THOMAS: It´s analytics services that are relevant for speech-to-text, face recognition, scene and concept recognition or network traffic management, etc. This metadata enrichment is extremely important to M&E to work as efficient as possible. In regard to recommendation engines I believe that what we currently use (no AI) is already pretty good, but is purely based on past data—because I watched movie X, I might be interested in movie Y. Analytics for recommendation engines will become more interesting to predict what‘s the next movie a customer will select.
TVT: What do you see as the top ethical concerns raised by the adoption of AI and machine learning in media?
MUNSON: Alan Turing, often credited as the father of modern computing, famously made the point that because it was not possible to measure the intelligence of a computing program/machine, saying that computers can be made “intelligent,” is nonsense. Another way of putting this is that much of today’s deep learning, “learns” in a way that imitates human behavior, but still heuristically, meaning that no one can explain exactly how these programs do what they do. In turn, many experts point out that the most advanced learning algorithms can neither be made fail safe or immune to manipulation by bad actors.
In media and entertainment the consequences of this are obviously not as grave as a self-driving car that “decides” to collide head on into another car, but are still concerning. For example, the very neural networks that drive high precision face and image recognition or live video editing could be manipulated by bad actors (or simply have software bugs) that cause the display of grotesque or otherwise offensive content taking advantage of viewers, advertisers or content owners. Additionally, the ability of today’s vast GPU/TPU compute power and scalable AI models could be used to manipulate news and create propaganda at scale that is undetectable or moves too fast for human detection; consider “fake news” at scale.

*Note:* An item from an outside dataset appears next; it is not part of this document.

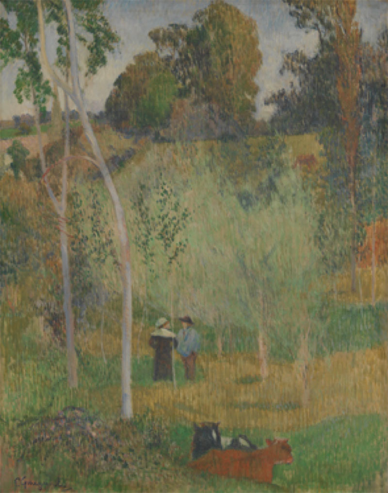 Dat ‘zwenken’ lijkt trouwens ook een centrale rol te spelen: bemerk hoe alle focuspunten gedecentreerd zijn opgesteld, waardoor onze ogen als vanzelf tussen de verschillende beeldelementen heen en weer gaan. Gauguin navigeert de blik van de toeschouwer als was het een ruimtetuig dat tussen de zwaartekrachtsvelden van verschillende hemellichamen geloodst wordt, maar nergens ooit definitief landt. Onze aandacht rust nog niet op de man en vrouw of hij wordt al afgebogen naar het helwit van de oprijzende boomstam, richting het blauw in de hoogte om dan weer naar de koeien beneden te zakken. We bewegen ons kijkend doorheen dit schilderij zoals iemand die dwars doorheen een draaiende carrousel probeert te lopen.
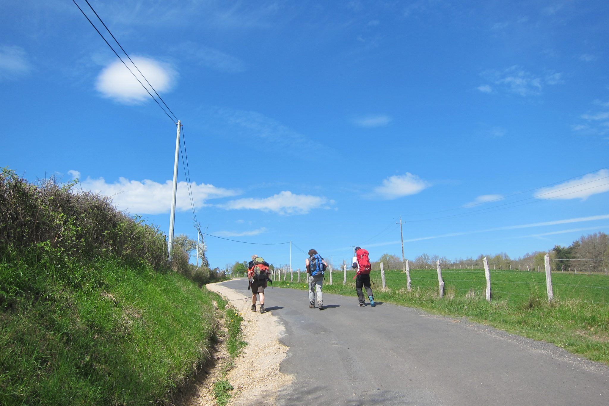 Brienu krietnu brīdi vientulībā, līdz ieraugu pretim nākam tādu pašu mugursomnieku. Apstājamies un sākam pļāpāt. Puisietis ir ceļā aptuveni nedēļu, bet domā soļot vēl divus mēnešus – viņš dodas uz Itāliju. Nopļāpājam krietnu brīdi, pēc manas intereses viņš nodemonstrē savu ierīci – saules bateriju paneli, ar ko uzlādēt elektroierīces. Uz atvadām pārjautā – vai man ir pietiekami daudz ūdens līdz nākamajam miestam un novēl priecīgu Svēto nedēļu. Man pēc pāris kilometriem tik pielec, ko viņš ar to domāja.

And finally, as an engineer I worry about the “commoditization” of AI tools such as ML programs that themselves create learning programs. These are already available to potentially unskilled users who may over-estimate their capacity or misuse their training accuracy, and could be a source of abuse—particularly when they are used to make decisions that can have clear bias or privacy consequences. Examples in media could be video surveillance and person matching that wrongly targets individuals based on profile, and security exploits that dwarf today’s worst exploits of IT negligence/ignorance.
THOMAS: I believe we must define rules and clear goals for what we would like to achieve with AI and where to use it. Think about the internet—the technology came into our lives pretty fast without any discussion about rules, and it has changed our lives drastically (positive and negative). As always technology can be misused, but let´s make something positive out of it.